» Information shown

-- Opening Marker --

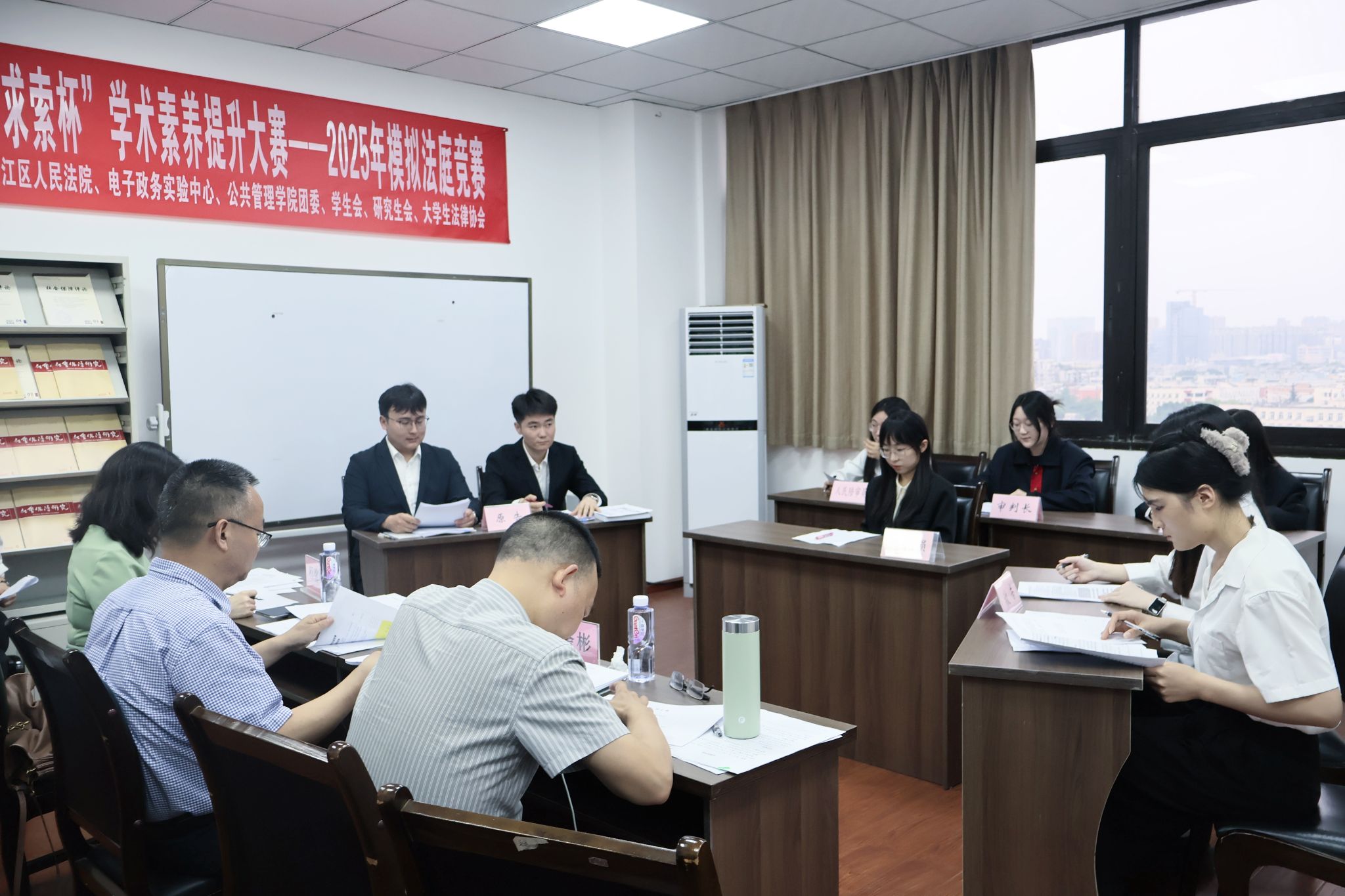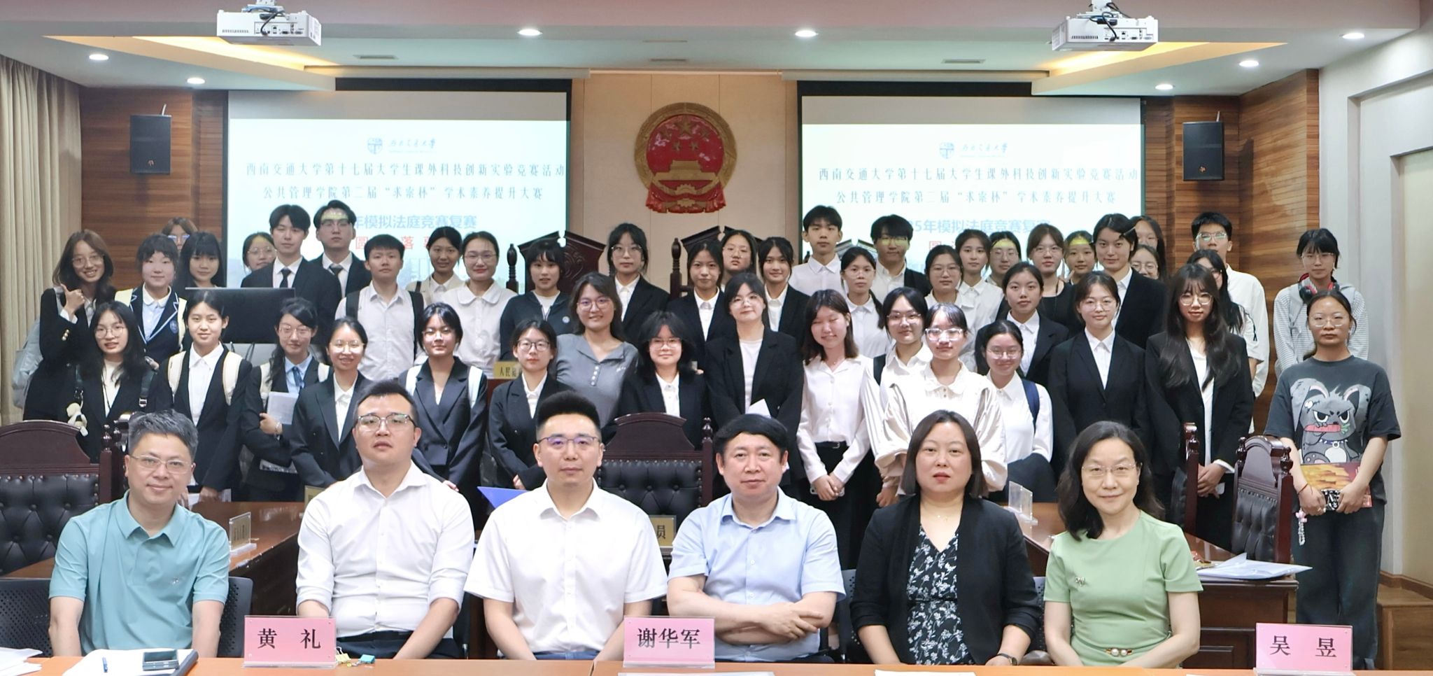 为深化法学教育理论与实践融合,提升研究生法律实务综合素养,2025年5月21日19:00,由西南交通大学研究生院主办,公共管理学院与成都市青白江区人民法院联合承办,模拟法庭实验室、公共管理学院团委、公共管理学院学生会、研究生会、大学生法律协会共同协办的第二届“求索杯”学术素养提升大赛暨2025年模拟法庭竞赛复赛,在九里校区拉开帷幕。
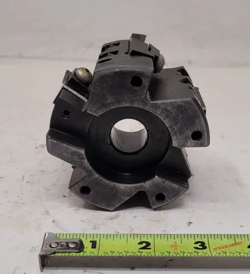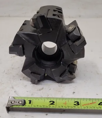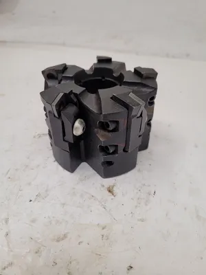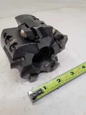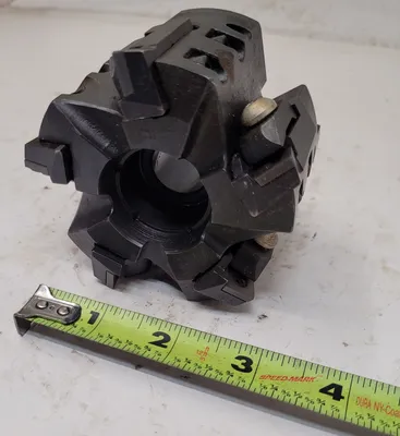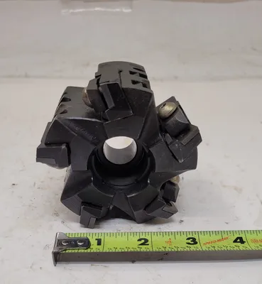 THIS IS A MODCO TOOLS MILLING CUTTER, MODEL 2B-31455 - C-18513. THE TOOL HAS AN OVERALL LENGTH (OAL) OF 2.48 INCHES (63MM) AND FEATURES 5 FLUTES/INSERTS. ITS OVERALL DIAMETER IS 3.4 INCHES (86.5MM), AND THE BORE DIAMETER IS 20MM. THIS HIGH-QUALITY ACCESSORY IS IDEAL FOR PRECISION TASKS AND EFFICIENT MACHINING.
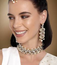 Aheli Traditional Kundan Pearl Bridal Choker Necklace With Earring Maang Tikka Jewellery Set
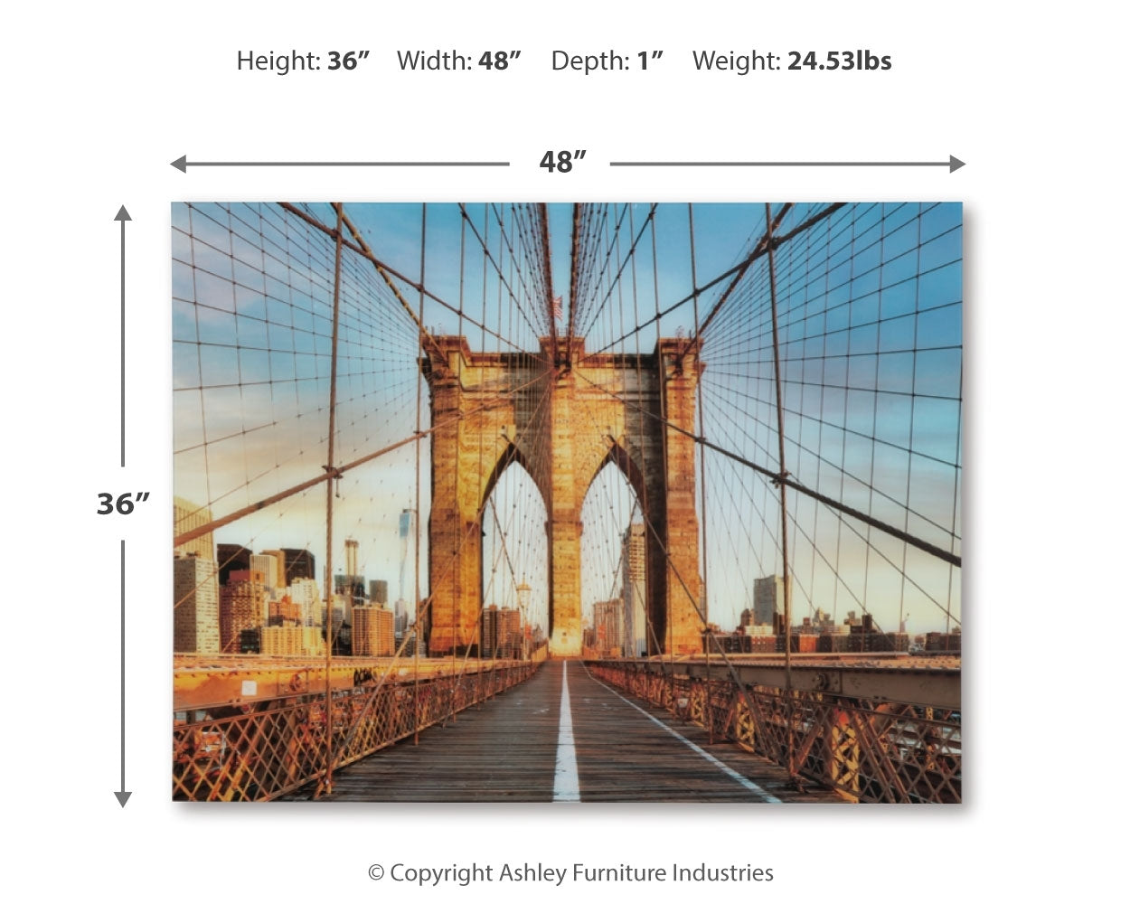 Bring a touch of iconic architecture to your home with this wall art. Captured in beautiful detail, the print on glass showcases the Brooklyn Bridge's majestic arches and intricate cables, set against the backdrop of a vibrant city skyline. This captivating scene is sure to transport you to the heart of New York City every time you look at it.

-- Closing Marker --

» Prompt
Copy out all the data without changing anything, and drop the pictures.

» Task answer
 为深化法学教育理论与实践融合,提升研究生法律实务综合素养,2025年5月21日19:00,由西南交通大学研究生院主办,公共管理学院与成都市青白江区人民法院联合承办,模拟法庭实验室、公共管理学院团委、公共管理学院学生会、研究生会、大学生法律协会共同协办的第二届“求索杯”学术素养提升大赛暨2025年模拟法庭竞赛复赛,在九里校区拉开帷幕。
 THIS IS A MODCO TOOLS MILLING CUTTER, MODEL 2B-31455 - C-18513. THE TOOL HAS AN OVERALL LENGTH (OAL) OF 2.48 INCHES (63MM) AND FEATURES 5 FLUTES/INSERTS. ITS OVERALL DIAMETER IS 3.4 INCHES (86.5MM), AND THE BORE DIAMETER IS 20MM. THIS HIGH-QUALITY ACCESSORY IS IDEAL FOR PRECISION TASKS AND EFFICIENT MACHINING.
 Aheli Traditional Kundan Pearl Bridal Choker Necklace With Earring Maang Tikka Jewellery Set
 Bring a touch of iconic architecture to your home with this wall art. Captured in beautiful detail, the print on glass showcases the Brooklyn Bridge's majestic arches and intricate cables, set against the backdrop of a vibrant city skyline. This captivating scene is sure to transport you to the heart of New York City every time you look at it.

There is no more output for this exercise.